This variation of the classic peanut butter cookie is a great way to use up that nut butter sitting in the back of your fridge. Cashew butter cookies are easy, delicious, and something you’ll want to make again and again.

Everyone knows peanut butter cookies, but have you ever tried to make cashew butter cookies? I can say that if you like cashew butter more than peanut butter, you’ll love the cashew butter cookies version as well. Now the great thing about this recipe is that the butters are 1:1 substitutes. If you have a favorite peanut butter cookie recipe already, just sub in cashew butter.
If you don’t have a favorite recipe already, then this cashew butter cookie recipe is my favorite. They are soft and chewy with a great yet subtle nutty flavor. I personally like cashew butter over the more popular peanut butter, so I was very happy that these cookies turned out so delicious. I also love almond butter cookies, especially with plenty of semi-sweet chocolate chips!

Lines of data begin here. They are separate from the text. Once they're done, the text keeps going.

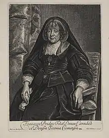 After a serious illness contracted in late 1622, Thomas died in February 1623. Widowed again, Frances devoted herself to getting her daughter, Margaret, a husband, settling on MP Thomas Carey. In the 1630s, the countess had her portrait painted by Anthony van Dyck. This portrait was lost in the 19th century, surviving in engraved and drawn copies. Frances lived another 30 years, as her daughter was widowed and remarried to Edward Herbert. Cecil died in 1663, between 20 January and 17 July, when her will was signed and probated, respectively. Thomas Cecil reserved a space for her in his monument at Westminster Abbey, but Frances chose instead to have her grave in the floor of Winchester Cathedral.[1]
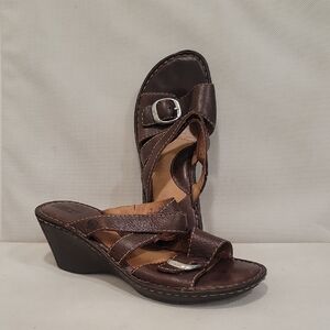 BORN BROWN LEATHER 2-1/2" WEDGE HEEL SANDAL (sz 9)
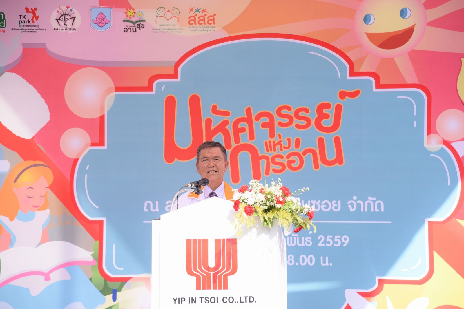นายจุมพล รอดคำดี กล่าวเปิดงานว่า การมีสุขภาวะที่ดี นอกจากการมีร่างกายที่แข็งแรงสมบูรณ์แล้ว ยังรวมถึงการมีสุขภาพจิตใจและสติปัญญาที่ดี ซึ่งการอ่านหนังสืออย่างมีความสุขจะช่วยทำให้เกิดสุขภาวะองค์รวมได้อย่าง สมบูรณ์ สำนักงานกองทุนสนับสนุนการสร้างเสริมสุขภาพ เห็นความสำคัญจึงสนับสนุนและรณรงค์เรื่องการอ่านอย่างต่อเนื่อง โดยการอ่านหนังสือสามารถเริ่ม บ่มเพาะ ปลูกฝังให้เป็นพฤติกรรมได้ตั้งแต่ยังเด็ก จึงรู้สึกชื่นชม พ่อ แม่ ผู้ปกครองที่พาเด็กๆมาเข้าร่วมงานในวันนี้

For this recipe I used Trader Joes cashew butter. I like it, but you can use any brand you prefer. I do recommend using a creamy and salted version though. Creamy because it mixes better into the cookie dough, and salted because I don’t add any extra salt with the dry ingredients. For a non-salted version I recommend this organic one, just be sure to add a pinch of salt to the cookie dough when mixing.

The first thing you need to do for this cashew butter cookies recipe is to cream together the butter and sugars. I used a mix of white and brown sugar for these cookies. I also used a stand mixer with the paddle attachment, but you can cream the ingredients by hand if you don’t have a stand mixer.

After the butter and sugars are creamed, you can add the cashew butter. For this recipe I use 200 grams of cashew butter. Let the paddle do the work while you prepare the dry ingredients. Sift together the flour, baking powder, and baking soda. Turn the paddle onto the lowest speed and spoon in the dry ingredients one tablespoon at a time.

The result is a shiny, smooth, oily (nut butters have tons of fat), ball of dough. I use a tablespoon to scoop out a piece of the dough, roll it between my palms, and place the balls on a parchment lined baking sheet. You can also use a silicone mat as well.

Just like with traditional peanut butter cookies, we are going to make a hatch pattern using the tines of a fork. Press down on the ball one way, and then turn the fork 90 degrees and press down again. This will turn the dough into a disk shape with the recognizable pattern.

These cashew butter cookies bake in the oven for just 9 minutes! That’s all it takes for delicious perfection. When you take them out, they will still look a little undercooked, but that is okay. They finish on the pan resting for 5 minutes before being moved to a wire rack to cool.

You do have to let these cashew butter cookies rest for 5 minutes, but if you want to eat them really warm and soft, you can have a treat before putting them on the wire rack. You just want to let the inside cook a bit more outside the oven so it is properly done. Enjoy!

Prefer more cake-like cookies? Try my soft lemon cookies or the holiday favorite pumpkin cookies!

Cashew Butter Cookies
Equipment
- Baking Tray
- Stand Mixer (optional)
Ingredients
- 180 grams Flour AP
- 200 grams Cashew Butter creamy and salted ideally
- 110 grams Butter softened
- 100 grams Granulated Sugar
- 100 grams Brown Sugar
- 1 large Egg
- 1 tsp Baking Soda
- 1/2 tsp Baking Powder
Instructions
- Preheat your oven to 180 Celsius or 350 Fahrenheit.
- In a stand mixer on paddle attachment cream together the butter and the sugars. Then add in the egg and the cashew butter.
- Sift together the flour, baking powder, and baking soda. Turn the stand mixer to its lowest speed and slowly spoon in the dry ingredients once spoonful at a time. Once all the dry ingredients are combined turn off the mixer.
- Tilt the contents of the mixer onto a table (you don't need to flour the table, there is so much fat in nut butters this dough is far from sticky) and quickly knead it into a ball/mound. If you notice the dough cracking and grainy, it is not mixed enough so put it back in the mixer. If it is smooth and feels greasy you've done it right.
- Take a heaping tablespoon (basically 2 tbsp) of dough and roll it between your palms into a ball. Place the ball on a parchment or silicone mat lined baking tray. Repeat for all the dough.
- Use the tines of a fork to make a cross-hatch pattern on the tops of the cookies. See pictures in the article body for example.
- Place the tray in the oven and bake for 9 minutes. Remove and let sit on the hot tray for 5 minutes, then move the cookies to a wire rack to cool. They will come out looking under cooked, but they will finish in the 5 minutes outside the oven on the hot tray.